La pregunta emerge, entonces, prístina: ¿De quién aprendiste? Esto implica al menos, un par de reflexiones. Primero, todos aprendemos de alguien más; el autodidacta no es sino un ser humano que prefiere que su tutor no hable más que para exponer argumentos, es decir, que intercambia persona por libro. Todos somos una co-creación; el yo sólo puede comprenderse como un producto, una síntesis de fuerzas que, asaltando el espíritu del agente, llevan a cabo una guerra a muerte que dará como vencedor a uno solo, que será capaz de decirse constitutivo de la persona.

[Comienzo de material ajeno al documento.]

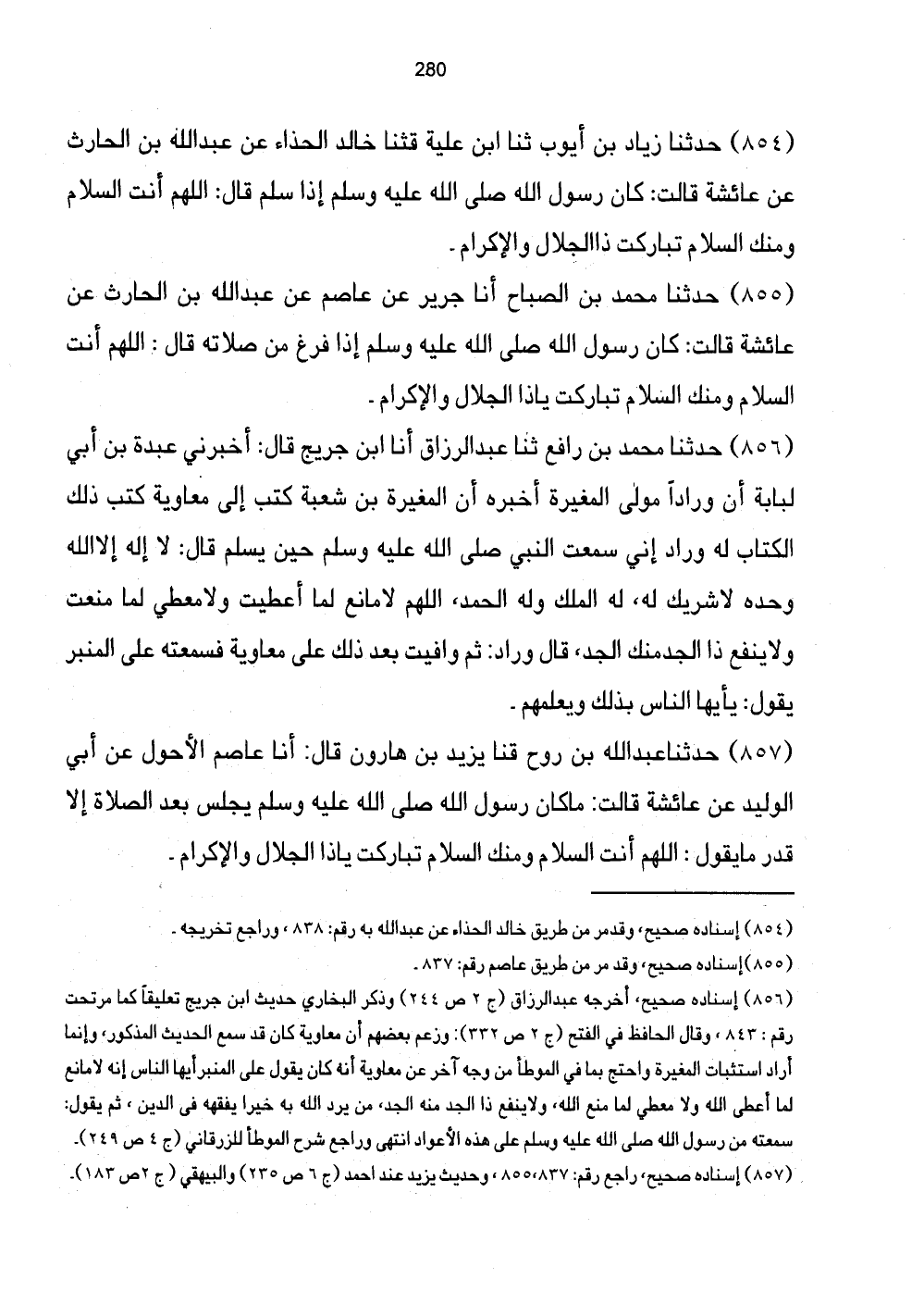 855 - حَدَّثَنَا مُحَمَّدُ بن الصَّباح أَن جَرِيرٌ عَنْ عَاصِمٍ عَنْ عَبْدِ اللَّهِ بْنِ الْحَارِثِ عَنْ عَائِشَةَ قَالَتْ: كَانَ رَسُول لله صَلَّى اللهُ عَلَيْهِ وَسَلَّمَ إِذَا فَرَغَ مِنْ صَلاتِهِ قَالَ: اللَّهُمَّ أَنْتَ السَّلامُ وَمِنْكَ السَّلامُ تَبَارَكْتَ يَا ذَا الْجَلالِ وَالإِكْرَامِ.

Acompáñame a estar solo, dice un cantautor de muy cuestionable valía, regalándonos una frase de extraordinaria profundidad (lo que no quiere decir que su autor la entienda): hasta en la soledad somos-en-compañía. El ser humano es animal social no como posibilidad (piense el lector en la decisión de votar o no votar…, [[recordamos aquí al lector, a modo de anuncio: no salga a votar al espectáculo de la revocación de mandato]]), sino como esencia, como realidad inescapable. La sociabilidad está encarnada en el ser humano, es lo más inmediato a su yo.
Segundo, el aprendizaje no discrimina. Se aprende de las experiencias lo mismo que de los viajes, los libros, las revistas (Seventeen y Quién como ejemplos malditos), las redes sociales (Tik-Tok inscrito ya en la historia universal de la infamia de aquel ciego que veía demasiado), los eruditos, los fantoches, los demagogos, los puritanos, los radicales, los desplazados… y hasta de los abogados. ¿De quién aprendiste tú? es la pregunta que me parece importante lanzar hoy. No a los estudiantes. A los profesores. ¿Quién te enseñó a pensar, a sentir, a empatizar, a juzgar, a criticar, a leer, a analizar…? ¿Quién te hizo ser ese ser que eres tú mismo, a partir de historias o experiencias u horrores? Hoy más que nunca me parece fundamental la pregunta, hoy que los estudiantes (y, seamos honestos, algunos profesores) han renunciado al milagro de la lectura, quedándose con lo que ya tienen, cómodos en sus certezas, sus prejuicios, sus supersticiones. ¿Quién te hizo: tu padre, tu madre, un profesor, un ídolo musical, una pareja tóxica? La boca habla de lo que se le ha enseñado a decir. Nadie nació políglota: todos fuimos presentados a complejísimos juegos de lenguaje que adoptamos paulatinamente y que se convirtieron no en una herramienta, sino en nuestra razón misma, no en posibilidad sino en el acto de ser-sí-mismo.
Quisiera aquí detenerme y lanzar un reto. Querido lector, pregúntate: ¿De quién aprendiste? ¿Fue Disney y su espectacular vacuidad, las redes sociales, o las grandes obras del espíritu humano? Y, a partir de ello, ¿qué canción escribirías tú?